Dialectics

Dialectics

Tuesday 17 February 2015

An Apology from The Editor


Though this tundra numbs my bones
it carries my words 
with the speed of falling angels
to the warmer climes
of your wee little ears


Hello, fellow traveller,

My name is not important. What is important is that I am the purveyor, and titilant of the web bucket known commonly by its maiden name of 'Radical Splurge'.

My parents were gods. They are dead now.

You may call me The Editor.

My various offshore accounts funnel guineas directly to various other offshore accounts which, eventually, fund the caretakers of the myriad rodents that toil in the hellish wheels of our server farm. It is not relevant where my money comes from, but I am very enthused about where it ends up. As a supporter of various doomed causes, I could not withhold my slender, withered digits from tip-tapping on the donate button for this devilishly obstinate publication. This haven of ejaculatory dissent is the pit from which the subtle tingle of laughter ruptures through my scabby throat, its meta-meta-satire teasing from me but the humblest of titters. It has been many centuries since such a thing has happened, and it scares me, but what industrial pioneer and renowned explorer could refuse such sybilatic succulence, such asinine assonance?

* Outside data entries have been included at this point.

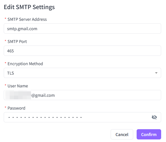 Configuring the SMTP information. The figure below uses Gmail as an example.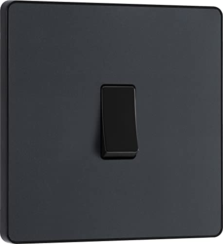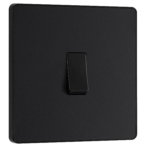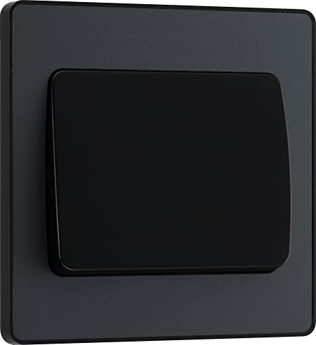 BG Electrical PCDMB12B Interrupteur mural simple, 2 voies, plaque avant sans vis, bords arrondis, noir mat, 20 A, 16 AX, PCDMB12B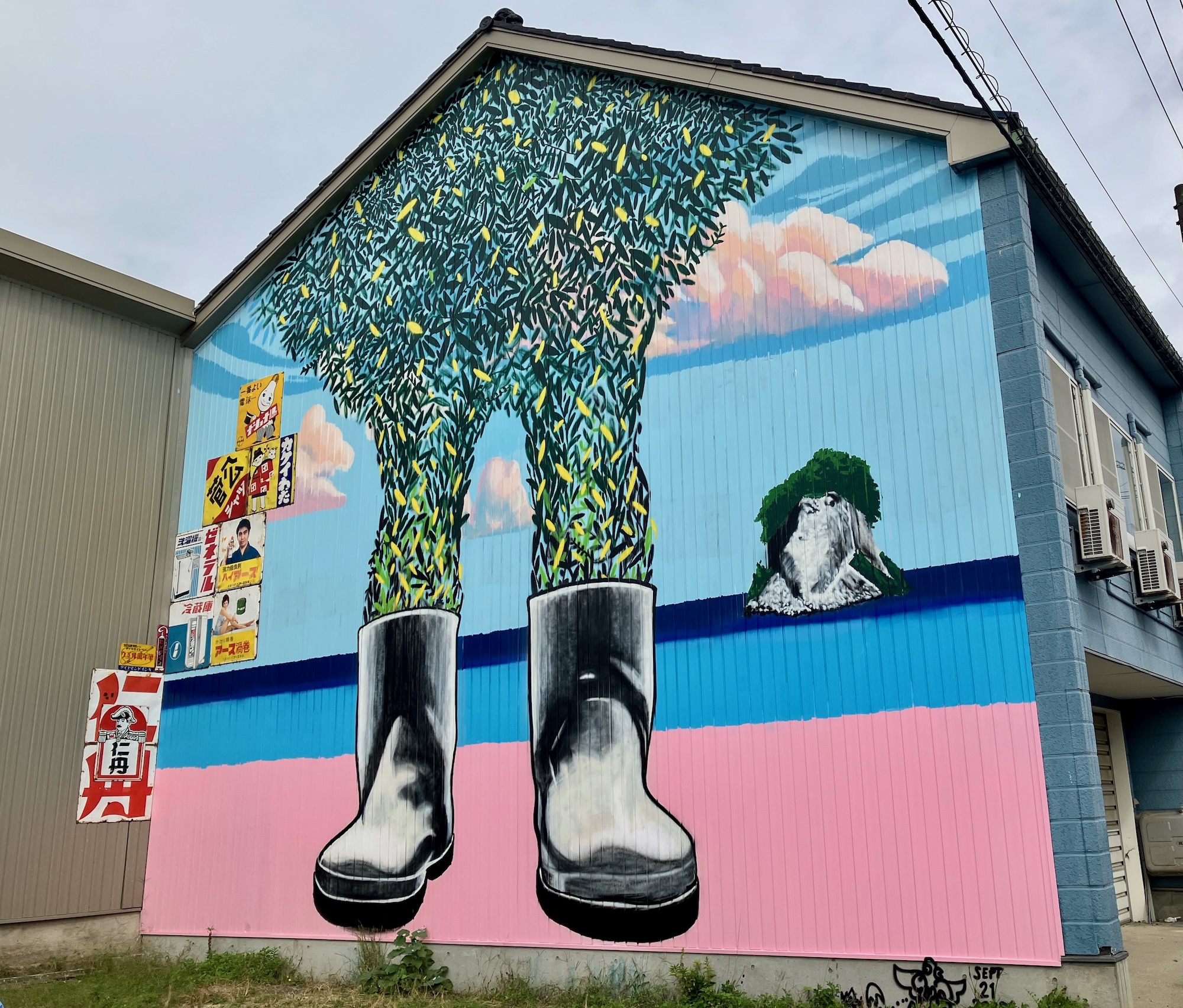 ピンクと青の空と海を背景に、長靴から植物のような模様が湧き出ているESPOの作品は、力強い生命力を感じさせる。作家が今夏に珠洲を訪れ、ピンクに染まる珠洲の夕方の雲にインスピレーションを受け、この風景を描いた。海の向こうには、街のシンボルでもある見附島の、震災で崩れる前の姿が描かれている。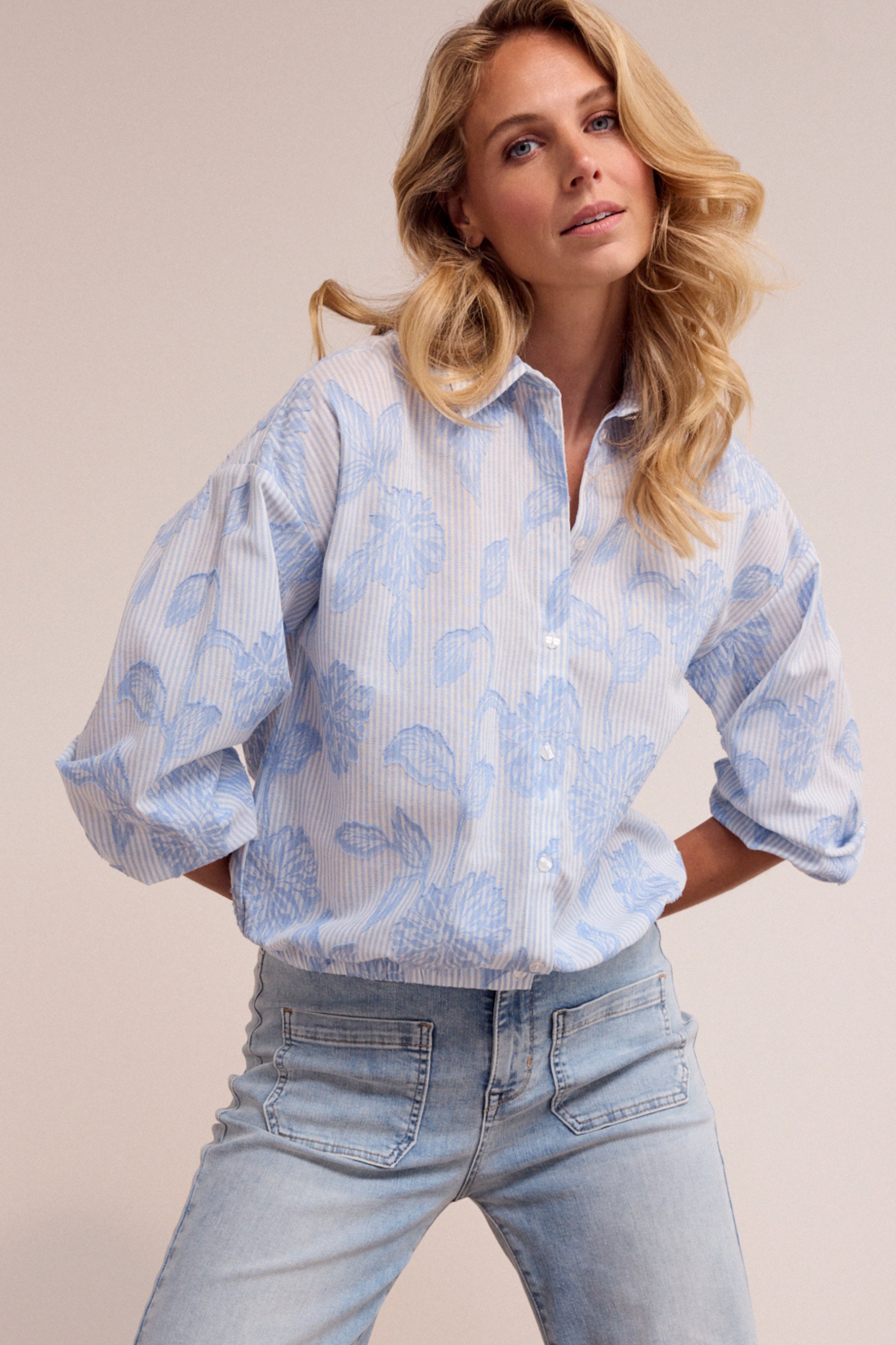 Blouse Striped Flower Pattern Breezy Blue O12-19-301 1

Sadly, however, I write here not to praise this babe, which suckles so hypocritically at my cryto-current teet, but to admonish it for its irresponsibility and moral destitution. In the last post to the scrolls of Radical Splurge, a callous invitation was sent about a summer school with places to be purchased for human dignity. The writer, of course, was foolish enough to not remember that, by their very nature, the polyps that peruse these pixelated pages are totally lacking in human dignity. What self-respecting beast or body would bash their eyes so ecstatically against their holo-screen for such petulant returns, lest they were lacking in all dignity? For this mistake, we, I, it, apologises.

The second more fundamental failure was a lack of organisation for this sunlit spectacle, evident in that the writer, as we have so deftly detectored, made up the school on the spot, as he scrawled those dellible words with but his bloodied knuckles. I have confirmed this, now, having written to him by bottle. The Pseudo Autonomist Pessimist Post-Marxist compound is many moons away by boat, and its shores ripple in the most unnatural of lights. My sailors dare not row me within earshot of that blasted rock. The bloodied note I hold in my hands is filled with admonishments of his own foolishness and impetuity, and I scrunch it now, wet and cold, in my skeletal, ring-borne fist. Having spoken to the leade writer of this journal, whose name I dare not speak nare utter for fear he may hear me, has apologised profusely. At least, from the garbled screams he sends to me on magnetic tapes, I detected notes of remorse. The other notes I cannot decipher, and dare not try, for my translator has still not returned from the sabbatical he demanded after the last tape. Those eldritch runes which line the front glow ever so gently in the lamp light. I fear them, as do we all, but as the soul financial supporter of this necronomic ulcer of a publication, my fear is bulwarked by coinage.

So I repent to you, flagellant and prostrate on the floor, handing you the already sodden whip, to forgive me, I, it, for the lies we have divulged uponce you, and for the lies we have so slanderously plopped into the toilet bowl of your mind: as with all such plopping, the cold and dirty water has flicked back up to our testicles and made us flinch in icy shock.

The summer school was but the pipe dream of one of our poets/writers/diviners (the titles are but always in flux!) who, in scrying the words that dribble through the ether, injected his own nonsense unto the pure rationality he had, till that point, been grouting from the tiles of the universe' bathroom floor. And in that brief moment of masturbatory elation, I failed you, dear, sweet, beautiful reader.

These days of wealth and plenty are gone. The crops shall fail this year, and the lord's boot shall crash down, steel-toed and phallic, round the necks of those who transgress once more. The jesters shall be kept on chains, my beloved reader, and their bells cut off like dogs' balls. Their castrated moans shall be punctured by but the new jingle of the chains round their necks, at once molesting their minds with what was and what is, as they continue to write for me and for you, my brightest, my starlight, what the future will hold for us. I shall stand here with great sang-froid as these cretins seek to nudge so insolently past me with their lies and filth, and purify like some forsaken ethereal filter the piss water that they call 'content'.

Though the crops may fail this year, dear reader, we shall feast nonetheless.